Although a bilinear isotropic hardening model was applied to account for post-yield plasticity, both cortical and cancellous bone were simplified as homogeneous and isotropic materials. In reality, bone exhibits complex anisotropic and nonlinear behaviors depending on the anatomical region and loading direction. This modeling assumption, while enhancing computational feasibility, may reduce the physiological accuracy of the results.
Moreover, the experimental validation was conducted using synthetic bone blocks (Sawbones), which differ from human bone in microarchitecture and biological heterogeneity. Although artificial bone allows for consistent and reproducible testing, it may affect the direct translatability of the findings to clinical applications.
To address these limitations, future work will incorporate nonlinear material models for cortical and cancellous bone and expand the experimental matrix to include a wider range of bone densities and cortical thicknesses. In addition, by leveraging the load trends identified in this study, we aim to optimize anchor design through geometric and material modifications to achieve site-specific configurations tailored to anatomical variation.
5. Conclusions
This study examined the pull-out resistance of orthopedic suture anchors in relation to cancellous bone density (10 PCF, 20 PCF, and 30 PCF) and cortical bone thickness (1–5 mm) using both experimental testing and finite element analysis (FEA). The simulation results enabled a detailed characterization of the influence of cortical thickness on fixation strength and quantification of the changes in pull-out load and its percentage increase across different density conditions.
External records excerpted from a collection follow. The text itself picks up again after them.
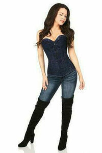 Lavish Navy Blue Lace Overbust Corset w/Zipper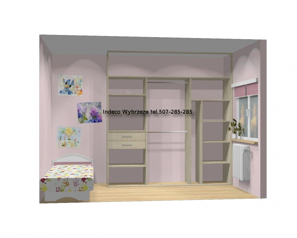 Zabudowa jest przeznaczona do użyktu z drzwiami przesuwanymi 3-skrzydłowymi.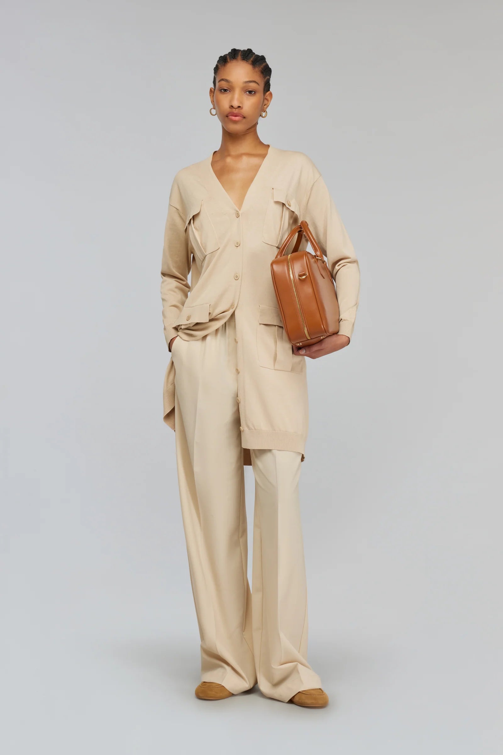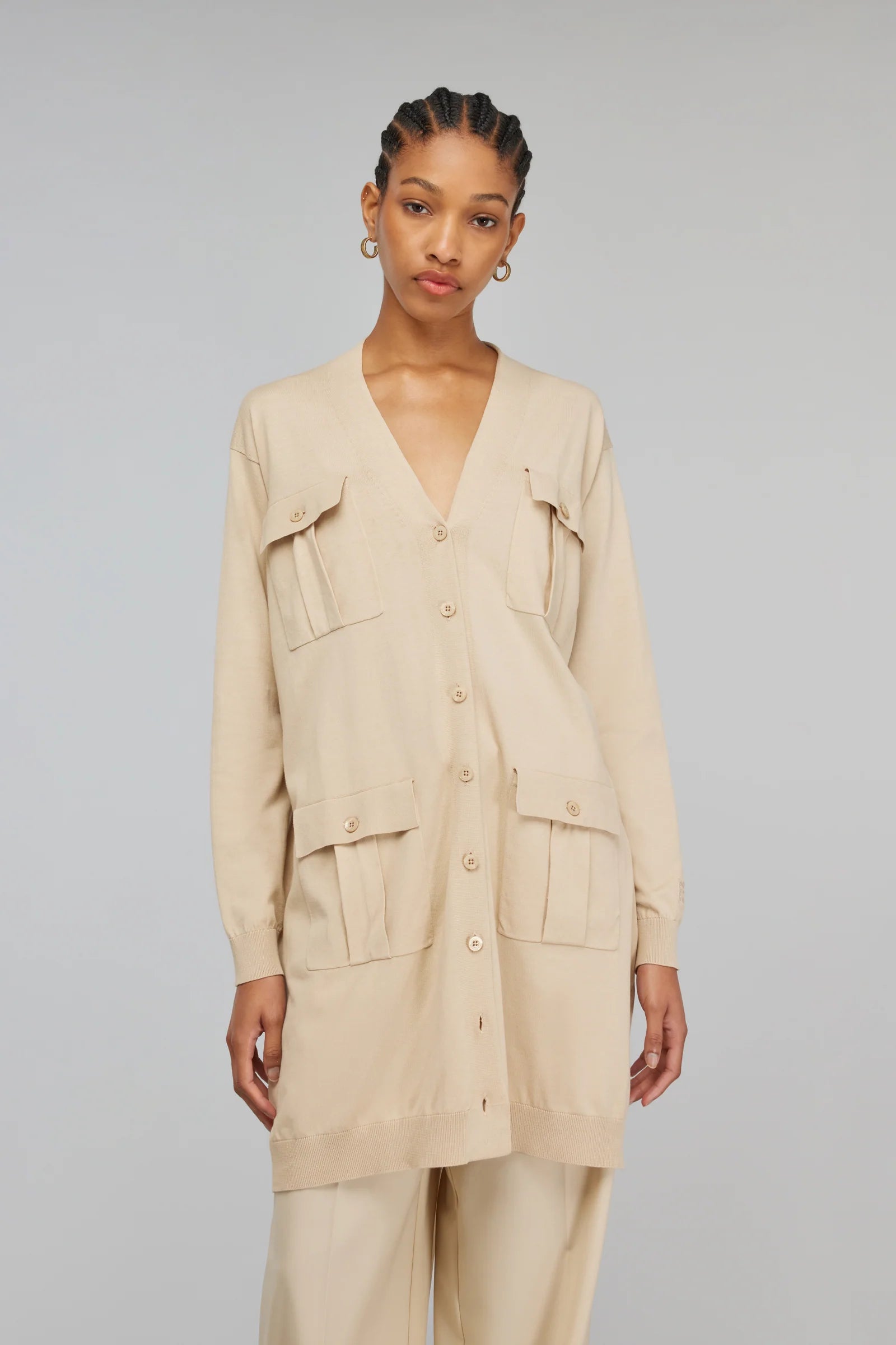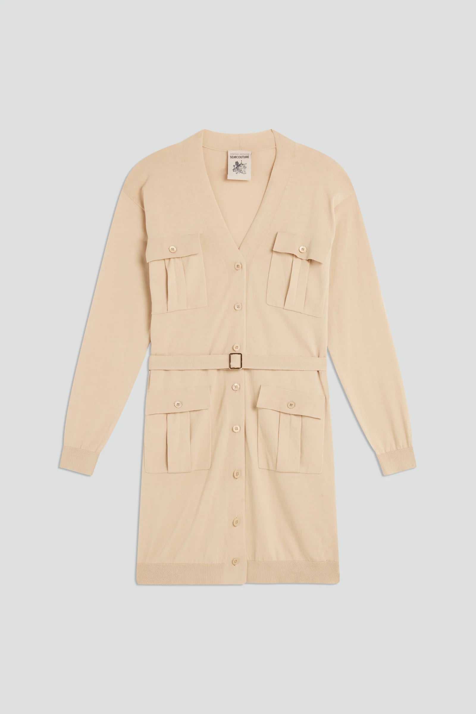 Càrdigan de cotó llis, model amb coll de bec i màniga llarga. Quatre butxaques amb solapa i manxa. Botonat davanter. Logotip brodat to sobre to. Cinturó inclòs a la peça. Tall regular.

For low-density cancellous bone (10 PCF), pull-out load displayed a steady linear increase with cortical thickness, demonstrating that increased cortical thickness consistently strengthens anchor fixation when cancellous support is weak. In medium-density bone (20 PCF), the most significant improvement in pull-out load was observed between 2 mm and 4 mm of cortical thickness, with minimal benefit beyond 4 mm, indicating that the 2–4 mm range is mechanically optimal under these circumstances. For high-density cancellous bone (30 PCF), a pronounced increase in pull-out load occurred only between 2 mm and 3 mm of cortical thickness, with reduced gains outside this interval, suggesting that cortical reinforcement achieves maximum efficacy after surpassing a critical threshold.
These results show that the mechanical role of cortical thickness varies—either linearly or nonlinearly—depending on the cancellous density and highlight that optimal cortical thickness for achieving maximum fixation should be determined by bone quality. The findings underscore the value of FEA-based load analysis in preoperative fixation planning, implant design refinement, and patient-specific surgical decision-making. Future research will extend model validation with additional biomechanical assessments and integrate nonlinear bone material behaviors to enhance clinical applicability.